Booking a photo booth

Your guests will love it. A photo booth from one of our many wedding suppliers will be the highlight of the night and everybody will be really pleased with the photographs.

Suitable for all ages

It will be great to have something the children and grandparents could join in with.

Nostalgia

Back in the good old days we never had cameras on our phones! To grab an instant picture of you and all your friends you had to walk into town and squeeze into a photo booth. Now the booths may look more stylish but the concept is the same. And, of course, there are some fun props to make it even more memorable.

Talking point

Want your wedding to have something a little bit different? Well a photo booth will have your guests raving for weeks afterwards.

Fabulous favours

Why give a traditional box of almonds when you could have a fun photo from the day that guests can look back on for years to come? One nice idea is to give them an empty key ring with a note to go to the photo booth later!

Theme it!

Are you having a theme on your big day? Whether you want a winter wonderland, day at the beach or even just a colour we can bring the props to match your theme. They can even customise your prints to match and – if the budget stretches – they can even customise the booth itself!

Share the love

Not only will your guests receive a copy of the fun photographs on the night, they will also upload all your ‘clean’ pictures to your very own Facebook album! This helps carry on the fun for weeks after the big day as friends and family tag, comment and copy their pictures.

Find the right music for your wedding

When you begin that walk down the aisle towards your fiancé the atmosphere is going to be electric. So make sure the music you choose is not going to kill the mood of your wedding day.

We suggest that you don’t choose anything too cutting edge. That doesn’t mean to say you can’t show off your taste in music but if you choose that week’s number one hit, you might regret it in years to come. Just as you might regret wearing a wedding dress that’s heavily styled for the moment.
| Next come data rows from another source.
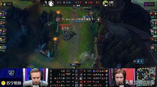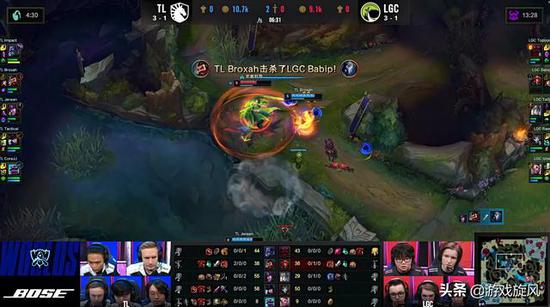 在开局对线方面,TL中下都占据主动权,第一波双方围绕河道蟹爆发团战,大木慎率先TP支援到位,5打4的情况下LGC只能撤退,tally加里奥被慎嘲讽留住,broxah男枪收获一血导致后续的中野对拼中男枪装备更好,打出相位猛冲交闪追击成功拿下babip千珏人头,又军训了加里奥一波,男枪3-0无解肥开局!
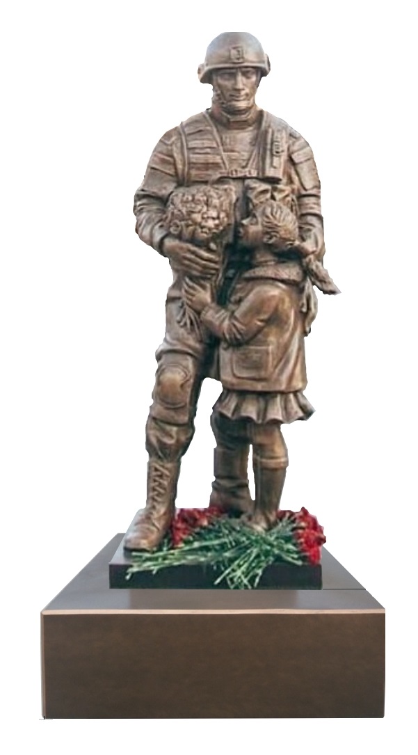 Данный монумент, носивший название «Добрые люди», уже установлен в нескольких городах России и стал символом уважения и благодарности к тем, кто исполняет свой долг перед Отечеством. Он представляет собой фигуру солдата с цветами в руках, рядом с которым стоит девочка, олицетворяющая надежду и мирное будущее.
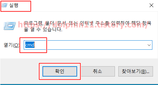 cmd를 입력하고 확인 버튼을 눌러 줍니다.

Go a little classic and you’ll never be out of style.

There are also some things you’ll need to bear in mind when making your music choices.

You need to consider just how long it’s going to take you to walk down the aisle. It usually takes about one to two minutes for most brides to walk the aisle. So choose a piece that doesn’t have a long intro or is instantly recognisable. If you’re planning a religious ceremony, some churches won’t allow you to play non-classical music or your own music. So you need to check your choices with the vicar.
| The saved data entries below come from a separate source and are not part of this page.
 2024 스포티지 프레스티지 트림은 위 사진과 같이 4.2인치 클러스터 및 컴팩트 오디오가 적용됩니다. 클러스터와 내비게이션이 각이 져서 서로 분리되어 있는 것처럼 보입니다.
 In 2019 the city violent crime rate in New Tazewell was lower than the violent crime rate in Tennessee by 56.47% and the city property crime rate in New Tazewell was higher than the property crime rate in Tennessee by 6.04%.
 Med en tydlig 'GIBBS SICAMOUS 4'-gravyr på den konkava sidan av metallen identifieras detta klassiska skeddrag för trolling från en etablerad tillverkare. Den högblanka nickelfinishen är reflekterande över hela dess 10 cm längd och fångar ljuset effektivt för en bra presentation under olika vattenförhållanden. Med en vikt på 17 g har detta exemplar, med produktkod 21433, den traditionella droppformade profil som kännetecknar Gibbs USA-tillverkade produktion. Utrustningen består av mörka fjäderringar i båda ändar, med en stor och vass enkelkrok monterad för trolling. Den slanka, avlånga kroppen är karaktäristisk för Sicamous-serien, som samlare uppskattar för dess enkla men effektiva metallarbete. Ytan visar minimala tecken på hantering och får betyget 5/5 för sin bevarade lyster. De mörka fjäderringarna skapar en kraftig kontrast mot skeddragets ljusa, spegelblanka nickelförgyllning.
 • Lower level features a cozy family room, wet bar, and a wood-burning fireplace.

Next, you should be thinking about how your music is going to be played. If it’s in a religious building, keep it classic and have it played on the organ. Alternatively, you could organise your own musicians to full the hall with romance.

Four pieces of music to play when you walk down the aisle;

The wedding processional from the Sound of Music.

Not a religious piece so you can use it in a civil ceremony. It’s majestic, grand and dramatic all at the same time. You’ll feel like a princess when you walk down the aisle to this.

Clair de Lune by Debussy.

This is a gorgeous tune to have played on the piano. It’s quiet, atmospheric and very romantic. Also not religious, so you could have it played while your guests are being seated.

For The Love of a Princess from Braveheart.

An atmospheric folk tune that’s emotional and sentimental in the right ways. Bound to bring tears to the eyes as your guests watch you start your walk.

The Bridal Chorus by Wagner.

Well this is the most traditional of traditional music to walk up the aisle to. Everybody will know you’ve arrived when this starts to play!

Now what about after you’ve said your vows? When you’ve signed the register and you’re legally man and wife and starting the first steps on your new life together?

Here you can change the tempo a little bit, and have something that’s celebratory and uplifting.

Signed, Sealed, Delivered I’m Yours by Stevie Wonder.

This says it all really. You’ve said your vows and you’re on your way. A timeless piece that’s joyful, catchy and instantly recognisable.